Room close dark
dark, listening
white noise and windchimes
From my perch, survey the still life before me – a didgeridoo leaning against a worm wood bookcase, 4 thick shelves made from free form curly maple looking like slabs of bacon, books stacked horizontally for easy reading of titles on spines; Ulysses, Siddhartha, Tolstoy, Salinger, Dr. Seuss, a stack about Everest, old Edmund Hillary grinning under shaggy beard and leather edged goggles. BhagavadGita, with dead, bald smiling, reincarnated onto the dust leaf resting, leaning next to Don Quixote, heavy in four volumes with hand-cut pages, raised ink, tissue protects the engravings. A collection (complete) of TinTin the intrepid reporter (Belgian I think), his dog Snowy and ornery ole Cap’n Haddock. More adventure than John McPhee, him traipsing from Alaska to Bangladesh – lonely freighter pulling out of dark harbors, a thousand iron feet long tended by six – maybe eight scattered souls.
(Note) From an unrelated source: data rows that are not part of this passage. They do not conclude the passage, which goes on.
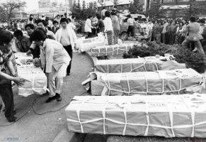 예배당이 세들어 있는 건물 바로 앞 8차선도로는 진압군과 대치한 시민군의 바리케이트가 위치해 있고 바로 옆 전봇대는 시위군에게 주먹밥을 나눠주는 곳이기도 했다. 어느 날엔 진압군이 넘어오지 못하도록 타이어로 겹겹이 쌓아올려 불을 질렀다. 타이어가 타는 열기에 아스팔트가 녹아내렸고 타이어 타는 냄새가 코를 찔렀다.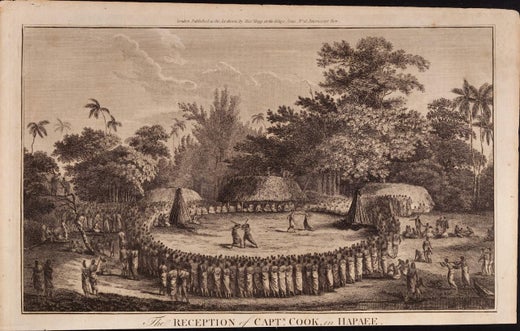 Recepción al Capitán Cook, Tonga: Grabado original del siglo XVIII, 3er Viaje de Cook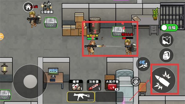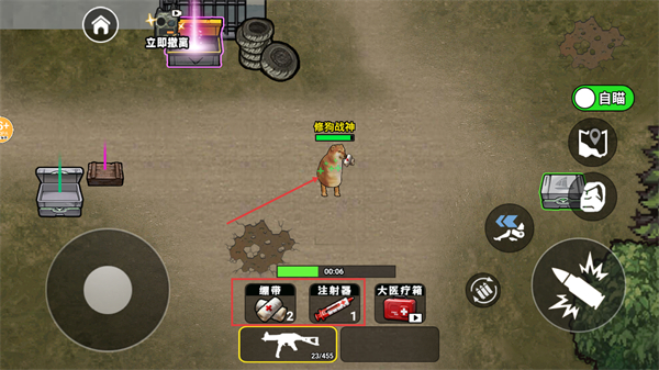 3、遇敌时开启【自瞄】功能,用【武器】瞄准射击,借助掩体调整站位提升战斗优势。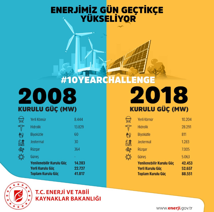 Enerji Bakanlığı sosyal medya üzerinden yaptığı bilgilendirmede Türkiye toplam elektrik enerjisi kurulu gücünün 88 bin 551 megawat (MW) olduğuna dikkat çekti. Bakanlık bu kurulu gücün 52 bin 657 megawatının yerli kaynaklara ait oduğu bilgisine yer verdi. Bakanlık, sosyal medya üzerinden yaptığı bilgilendirmede ‘Daha fazla yerli, daha fazla yenilenebilir’ sloganıyla yerli ve yenilenebilir enerji kaynaklarına vurgu yaptı.
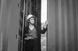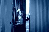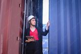 Business woman Work in an international shipping yard area Export and import delivery service with containers

A Russian Matryoshka doll endless stream of smaller beings, a lighter from Belikin – the state brewery of Belize, a metal Sierra Club cup, engraved with highest peak in Nevada and a date so long ago that I look at a photo to remember me, head in clouds, wearing a sweater I forgot I ever wore. Picture is snowy, the tin cup stained with heat, left holding coins from here and there, a yo-yo, and buttons fallen off of trousers.